**What the exercise asks**: Transcribe only the part of the material below that begins at the line containing "Заложники уходят прочь" and ends at the line containing "Découvrez notre ensemble", with both kept and images left out.

**Data under study**:
==================================================
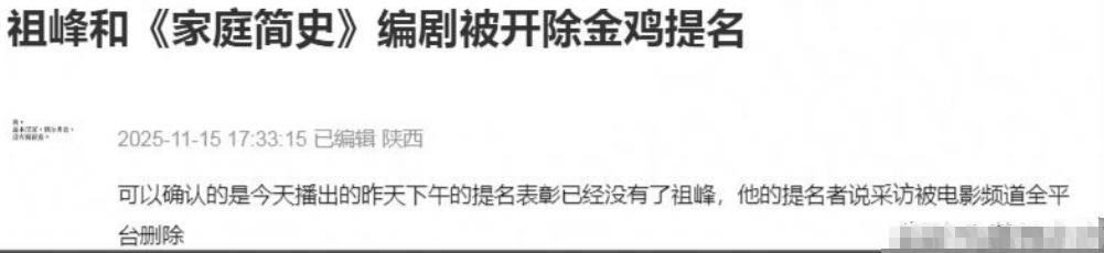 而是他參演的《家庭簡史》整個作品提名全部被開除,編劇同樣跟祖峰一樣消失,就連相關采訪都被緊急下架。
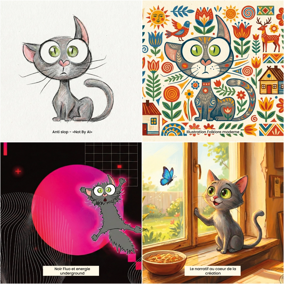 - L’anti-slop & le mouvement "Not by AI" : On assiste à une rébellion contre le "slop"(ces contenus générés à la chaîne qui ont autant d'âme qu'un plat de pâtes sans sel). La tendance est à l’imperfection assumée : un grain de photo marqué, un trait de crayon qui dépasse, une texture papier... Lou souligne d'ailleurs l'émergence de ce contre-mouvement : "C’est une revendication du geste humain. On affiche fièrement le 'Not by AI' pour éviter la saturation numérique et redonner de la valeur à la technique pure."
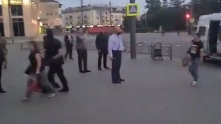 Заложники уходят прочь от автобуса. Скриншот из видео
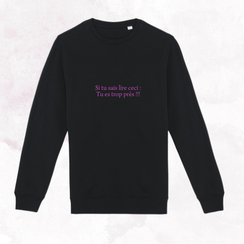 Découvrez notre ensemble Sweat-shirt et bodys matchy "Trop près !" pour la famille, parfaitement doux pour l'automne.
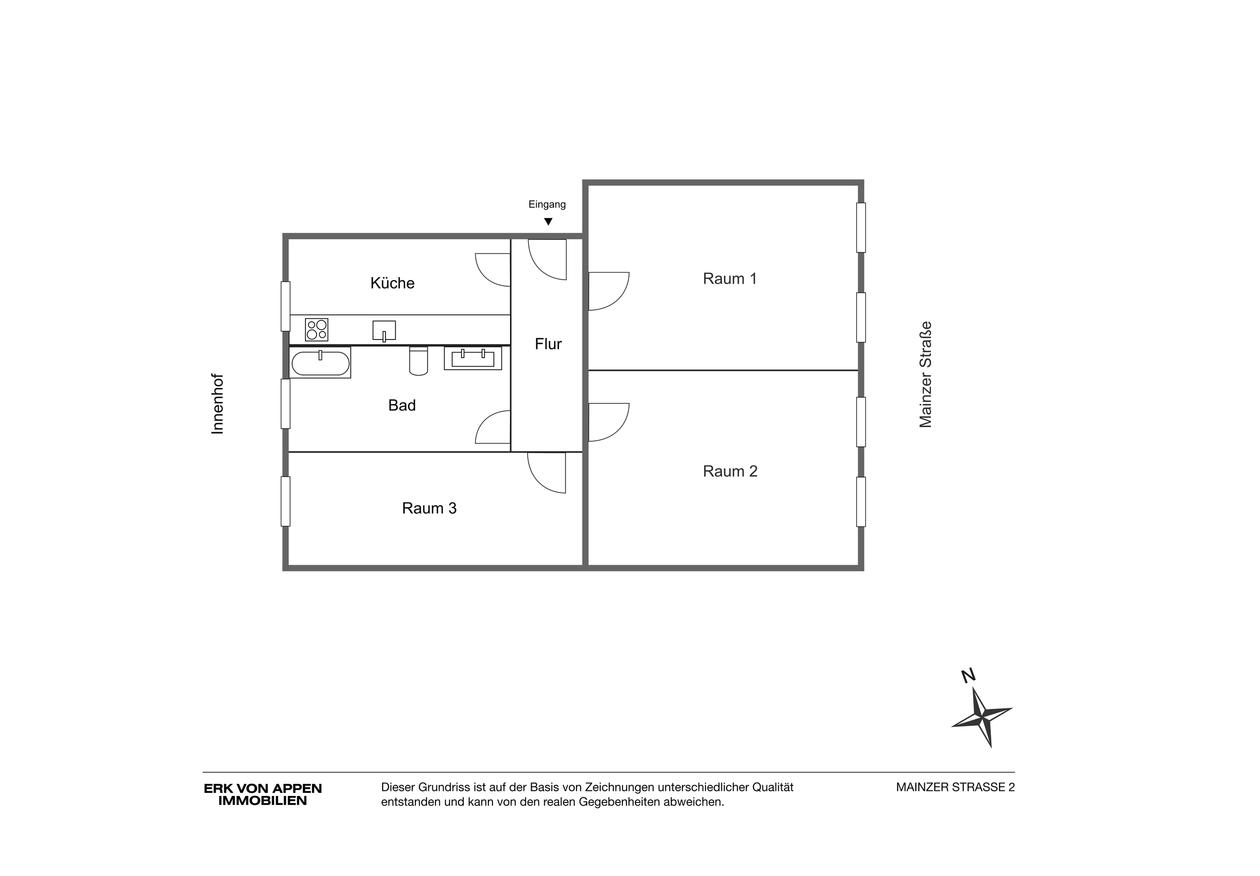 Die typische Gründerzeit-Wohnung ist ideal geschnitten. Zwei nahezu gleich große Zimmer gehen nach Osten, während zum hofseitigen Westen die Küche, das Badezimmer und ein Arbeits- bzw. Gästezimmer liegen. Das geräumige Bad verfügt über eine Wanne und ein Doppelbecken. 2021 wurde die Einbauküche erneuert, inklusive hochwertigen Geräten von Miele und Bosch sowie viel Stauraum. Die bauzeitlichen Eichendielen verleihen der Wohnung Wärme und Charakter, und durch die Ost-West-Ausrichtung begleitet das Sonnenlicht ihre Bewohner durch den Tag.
==================================================
**Task answer**:
 Заложники уходят прочь от автобуса. Скриншот из видео
 Découvrez notre ensemble Sweat-shirt et bodys matchy "Trop près !" pour la famille, parfaitement doux pour l'automne.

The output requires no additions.